How Far Does Rule 26 Go?: Key Considerations When Working with Experts
In Sonate Corp. v. Beyond Meat, Inc., No. 1:23-cv-10690-IT, 2025 U.S. Dist. LEXIS 98592 (D. Mass. May 23, 2025), the court examined the scope of Rule 26’s protections for draft reports. There, Beyond Meat, Inc. moved to compel two pilot surveys conducted by Vegadeplhia’s expert witness involving a trademark-infringement dispute. The expert acknowledged in his deposition that he used the pilot surveys to refine the final survey disclosed in his expert report, though the report itself did not reference the pilot version.
The Massachusetts District Court granted the motion, concluding that the pilot surveys did not qualify as “drafts” protected under Rule 26(b)(4)(B)’s work product doctrine.
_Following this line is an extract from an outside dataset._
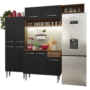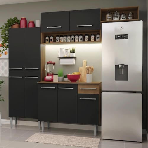 Com acabamento em tom amadeirado Rustic e Preto, traz mais personalidade à cozinha. Essa composição conta com módulos que oferecem praticidade para o preparo das refeições e mais espaço para manter tudo sempre organizado.

It reasoned that because the expert considered the pilot survey when refining his final survey, this fell within Rule 26(a)(2)(B), encompassing disclosure of all “facts or data considered.” The court cited to a decision from the District of Delaware, finding the reasoning in Robocast, Inc. v. Apple, Inc., No. 11-235-RGA, 2013 U.S. Dist. LEXIS 201317 (D. Del. Sept. 18, 2013) instructive. There, the court found that it was “difficult if not impossible to believe that an expert whose opinions are predicated upon the creation of a statistically-meaningful effort could have, in the statistical sense, completely ignored the data that had been previously collected by him, even where the data from prior surveys had been deleted and the expert attested that he could no longer remember them at the time he drafted his reports.” Thus, the court ordered the defendant to produce the prior surveys in question.
What might this decision mean for the future of maintaining privilege for expert witnesses? To start, it does not affect privileged communications and work product that falls squarely within Rule 26’s protections on undiscoverable information. Rather, it signals a cautionary shift in how courts may interpret the boundaries of work-product protection when it comes to expert-witness materials. This ruling narrows the protective scope that attorneys may otherwise expect when working with expert witnesses, particularly in the preliminary review or testing phase. Counsel must remain aware that internal testing, preliminary data, or pilot studies—if considered in forming final opinions, may be discoverable despite Rule 26’s protections against revealing an attorney’s mental impressions or legal strategy. Going forward, attorneys should be cautious of how initial expert drafts are used and approach the discovery phase with heightened awareness that even “discarded” work may become fair game to the opposing party.